On the communications equipment shelves I see some of the items Catalina is working with in her project. Hm. I wonder if Mr. Fix-It might also have the other components she'd need to contact Watt Boudreau and earn her A+ for "summoning Watson." It takes a little digging, but I think it's all here: a broadband connection module, a universal connection interface, and all the necessary dongles and cables. I put the stuff into an empty box that I hide behind a carton of disposable gloves. Catalina is going to love this!

I've been in this closet for most of a lifetime when Mr. Fix-It steps in. He takes out a key and is about to unlock a drawer when he notices me and jerks around. "Oh, Landry. I forgot you were in here." He slides the key back into his pocket. "Uh, you must not have heard the bell ring back among the shelves. Son, class ended ten minutes ago."
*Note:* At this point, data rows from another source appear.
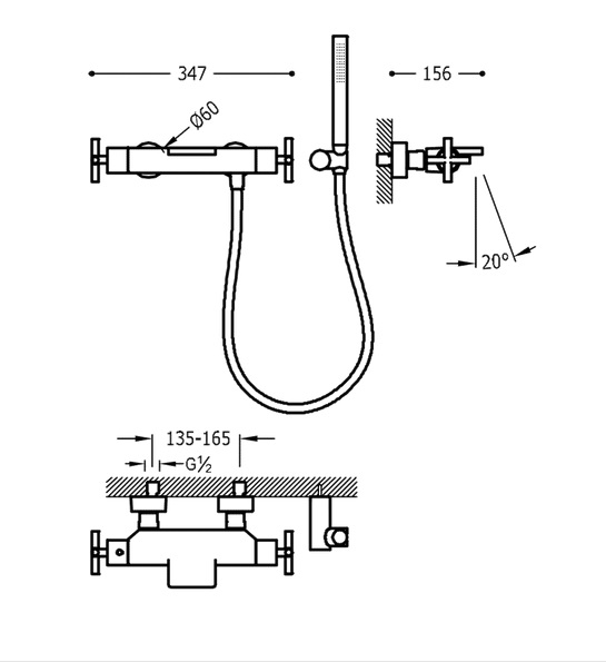 Термостат для ванной Tres Max-Tres двухвентильный с каскадным изливом хром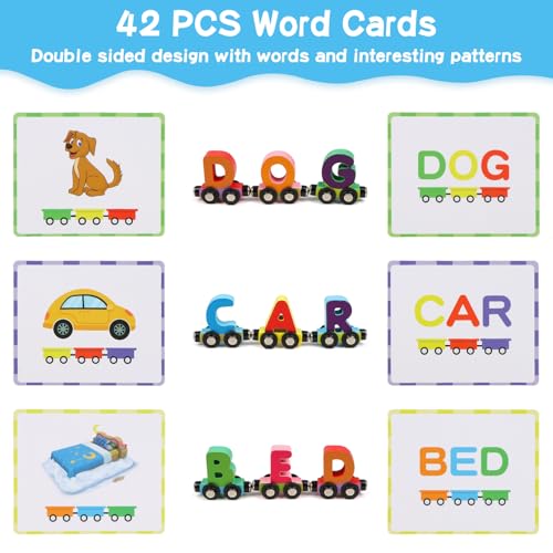 Great Preschool Educational Toy: Alphabet train toy is designed as the preschool learning activity sets for toddlers. It is easy for kids to memorize words by combining the letter trains with the word cards. Toddlers not only learn simple words by combing letter trains but also play trains with friends. These alphabet car help kids to study letters, promote imagination, hand-eye coordination, fine motor skills, basic cognitive skills, color recognition, visual perception
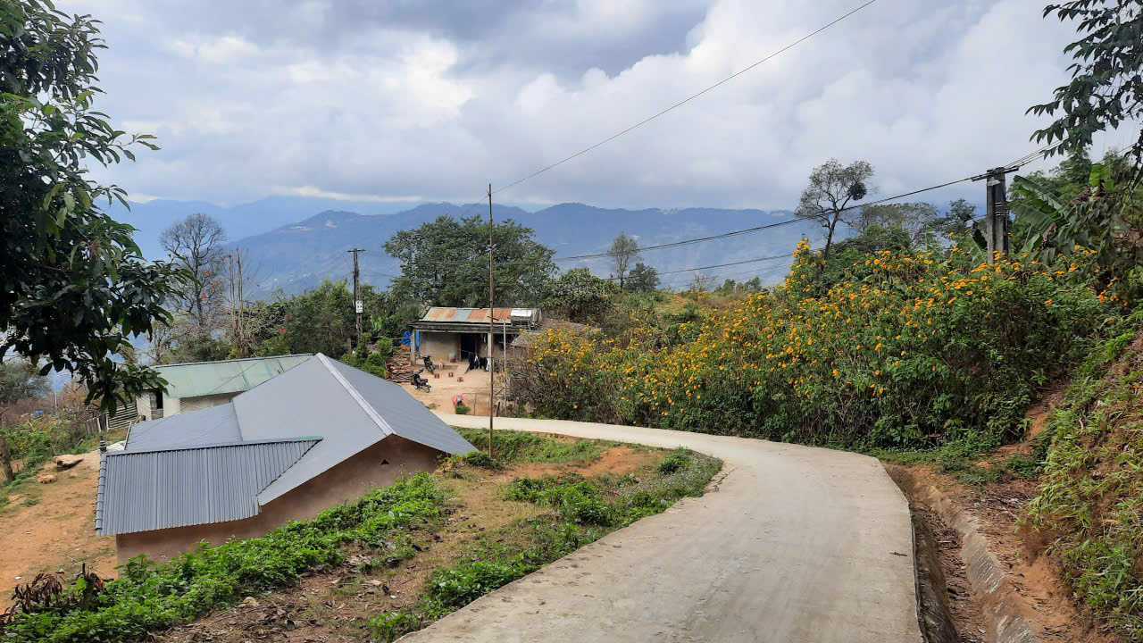 Con đường vào bản Hơ Mèo đã được đổ bê tông, giúp người dân đi lại thuận lợi.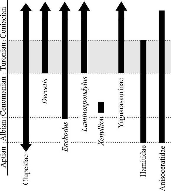 If the temporal distributions of Hamitidae and Anisoceratidae ammonites, the pelecypod Inoceramus labiatus, and the vertebrates described above are considered, it is possible to attribute a Turonian age to the fossiliferous strata exploited in the San José de Gracia quarry (Figure 8). For the moment, the formal studies of all the fossil invertebrates and the possible microfossils of San José de Gracia are pending; once these are developed, it will be possible to reach a more accurate age for this deposit.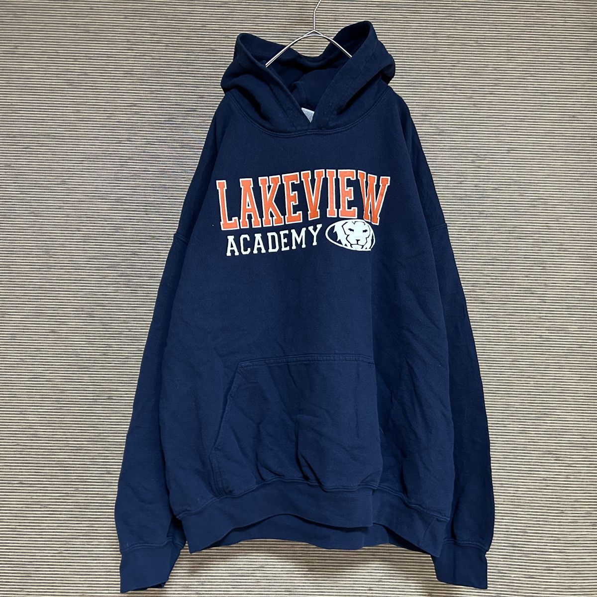 - ギルダン パーカー ネイビーカレッジロゴ レイクビュー太アームアニマルF1 古着 入手困難 激レア 希少 人気 アニマル ライオン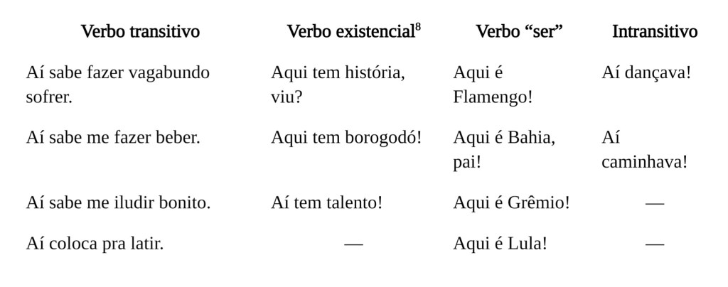 (3) Aí sabe me fazer beber. Aí sabe fazer vagabundo sofrer. Aí sabe iludir bonito e nós só apaixona em mulher desse tipo…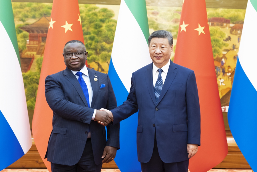 9月4日上午,國家主席習近平在北京人民大會堂會見來華出席中非合作論壇北京峰會的塞拉利昂總統比奧。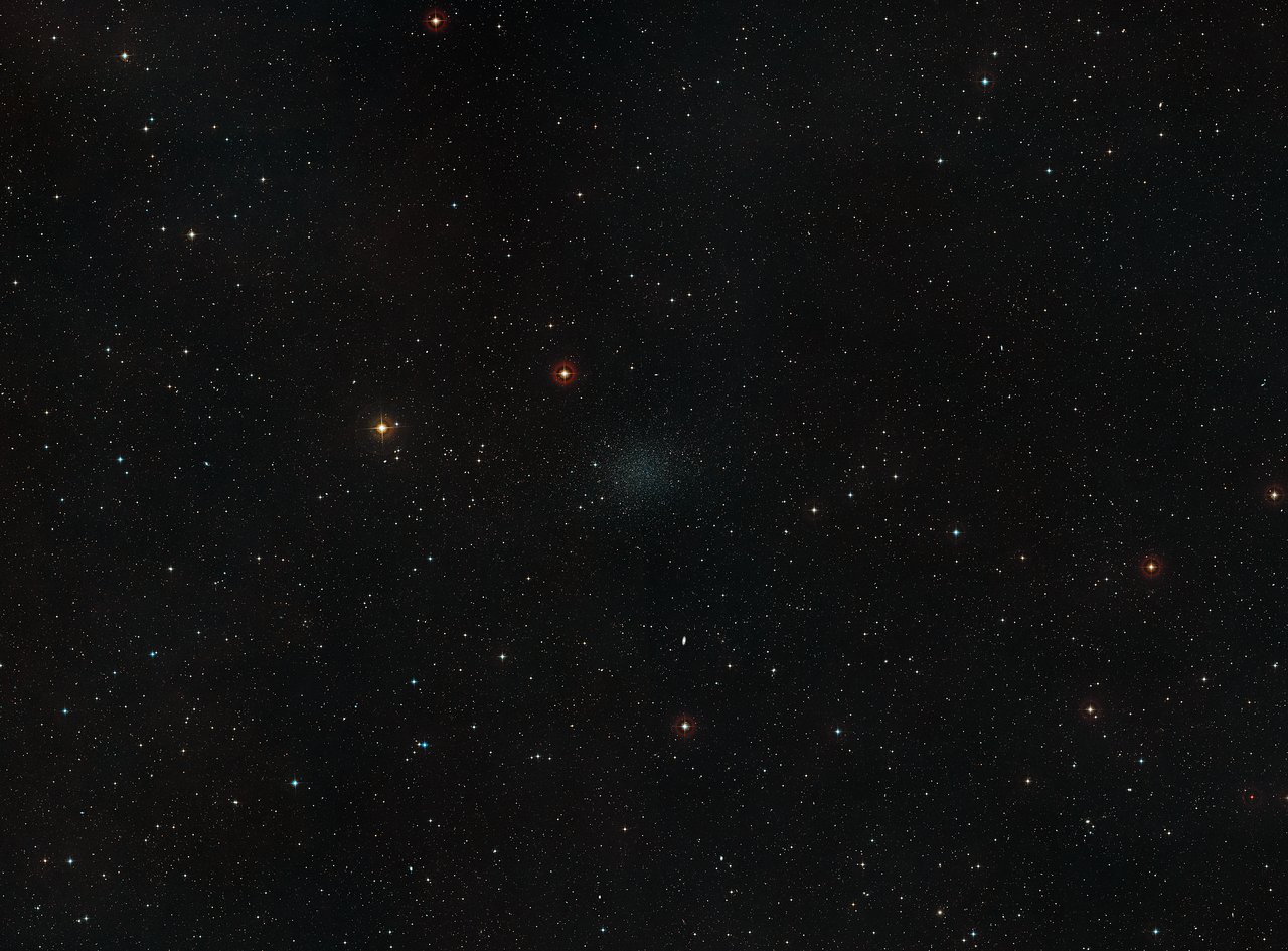 This image of the sky around the Sculptor Dwarf Galaxy was created from images from the Digitized Sky Survey 2. The galaxy appears as a small faint cloud, close to the centre of the image.

I fly through the classroom to the hall and... hey, I have nowhere to go. I just wander the corridors until I happen onto a vending machine. It takes me a while, but I finally figure out how to use the chip in my head to snag me a bottle of orange juice and a bag of Zingies, which, by the picture, may be turnip chips. Funny, but I kind of miss quarantine. Right now, silly old Nemo would be serving me fish and chips with a moon pie for dessert. I peer again into the vending machine—nope, no moon pies.

Taking my so-called lunch to my library carrel, I munch on Zingies, which the bag divulges to be "rutabaga crisps," and wade back into the morass of Bard's sonnets. When the time comes, without even leaving my seat, I enter my online fourth period class and take my first stab at my expression role with "App Aesthetics."